Start of Data shown

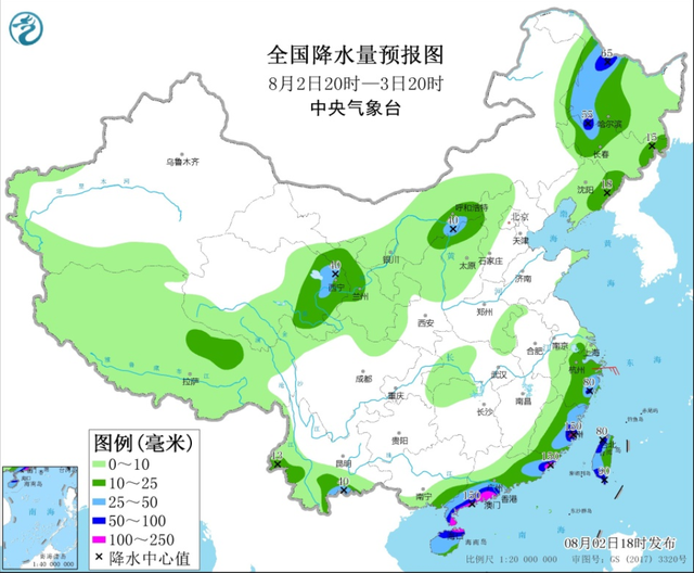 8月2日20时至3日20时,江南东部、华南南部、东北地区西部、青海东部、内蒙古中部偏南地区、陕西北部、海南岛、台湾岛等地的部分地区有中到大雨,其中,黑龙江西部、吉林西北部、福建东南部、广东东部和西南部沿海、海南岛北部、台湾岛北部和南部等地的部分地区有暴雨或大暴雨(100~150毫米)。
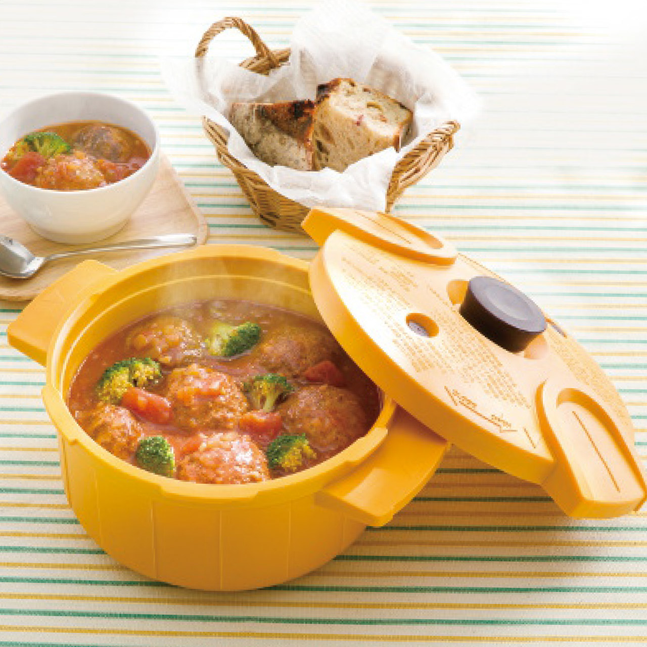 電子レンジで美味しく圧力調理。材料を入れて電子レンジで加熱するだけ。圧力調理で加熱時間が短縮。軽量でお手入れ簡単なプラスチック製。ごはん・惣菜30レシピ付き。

End of Data shown
Start of Data shown

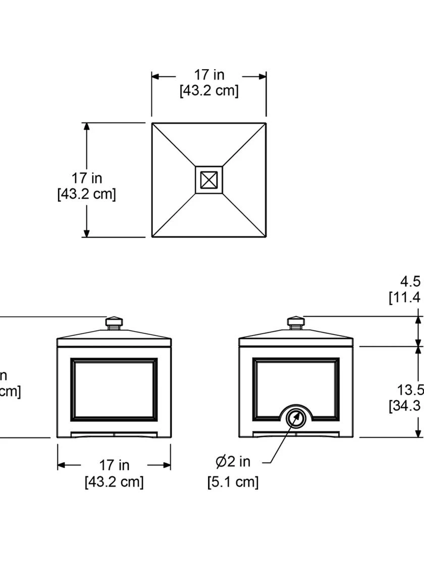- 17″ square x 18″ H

End of Data shown

### Goal of the exercise
The stretch to restate runs from the line above containing "8月2日20时至3日20时,江南东部、华" through the line containing "電子レンジで美味しく圧力調理". Copy it word for word, ends included, without pictures.

### Written solution
 8月2日20时至3日20时,江南东部、华南南部、东北地区西部、青海东部、内蒙古中部偏南地区、陕西北部、海南岛、台湾岛等地的部分地区有中到大雨,其中,黑龙江西部、吉林西北部、福建东南部、广东东部和西南部沿海、海南岛北部、台湾岛北部和南部等地的部分地区有暴雨或大暴雨(100~150毫米)。
 電子レンジで美味しく圧力調理。材料を入れて電子レンジで加熱するだけ。圧力調理で加熱時間が短縮。軽量でお手入れ簡単なプラスチック製。ごはん・惣菜30レシピ付き。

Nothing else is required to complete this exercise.